TORONTO (Reuters) - Canada’s benchmark stock index rose to its highest level in nearly two months on Friday as investors cheered a move by China to cut interest rates and signs that the European Central Bank might step up asset purchases.
The surprise announcement was the first time in two years that China had cut rates, following signals that the pace of growth in the world’s second-biggest economy was slowing.
The move helped drive gains in the prices of commodities such as gold, copper and oil; and that pushed up shares in the mining and energy sectors. The Canadian equity market is heavily weighted in natural resource stocks, and the country is a major exporter of commodities.
Providing a further boost, ECB President Mario Draghi indicated that he was willing to take strong steps to prevent the euro zone from falling into deflation.

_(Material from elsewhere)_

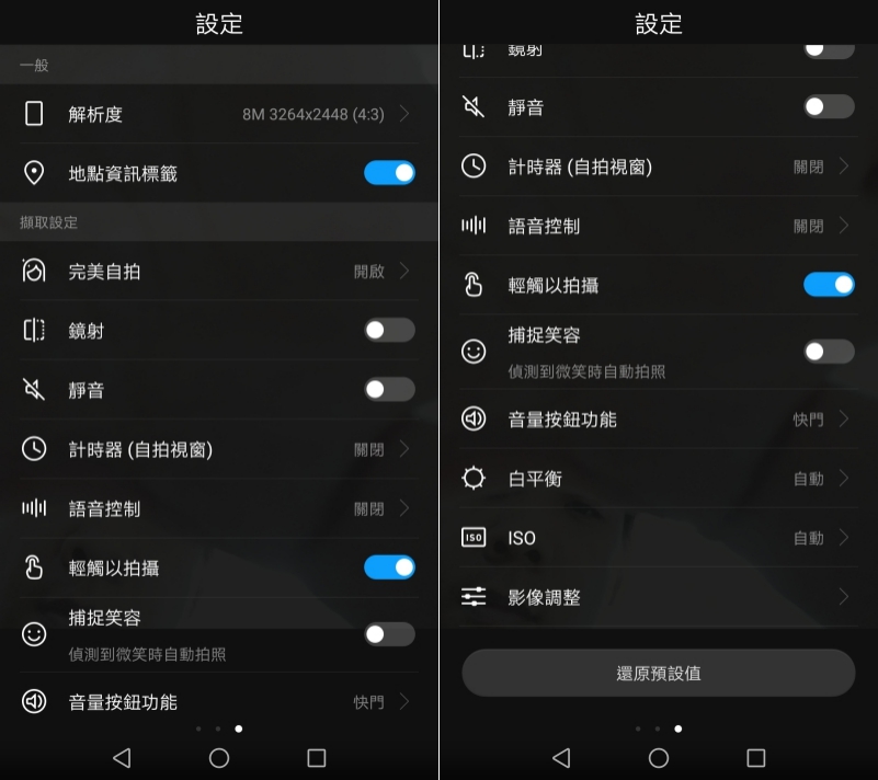 在前鏡頭的設定中,除了剛剛主鏡頭的功能之外,還有鏡射功能可以拿來當鏡子也是很不錯的(內建也有鏡子 APP 可以使用)。

The benchmark TSX was up for the sixth day and recorded its sixth consecutive weekly gain, recovering from a sharp market correction in October.
“China is looking for ways to deepen and broaden its financial systems, its economy, and they are using market-based tools,” said Stephen Wood, chief market strategist, North America, at Russell Investments.
“This is still a world that is dominated by central bank activity,” he added.
The Toronto Stock Exchange’s S&P/TSX composite index .GSPTSE closed up 36.28 points, or 0.24 percent, at 15,111.46. Five of the 10 main sectors on the index were higher.
The materials sector, which includes mining stocks, climbed 0.8 percent. First Quantum Minerals Ltd (FM.TO) shot up 7.2 percent to C$19.12, and Teck Resources Ltd TCKb.TO jumped 9.4 percent to C$19.94.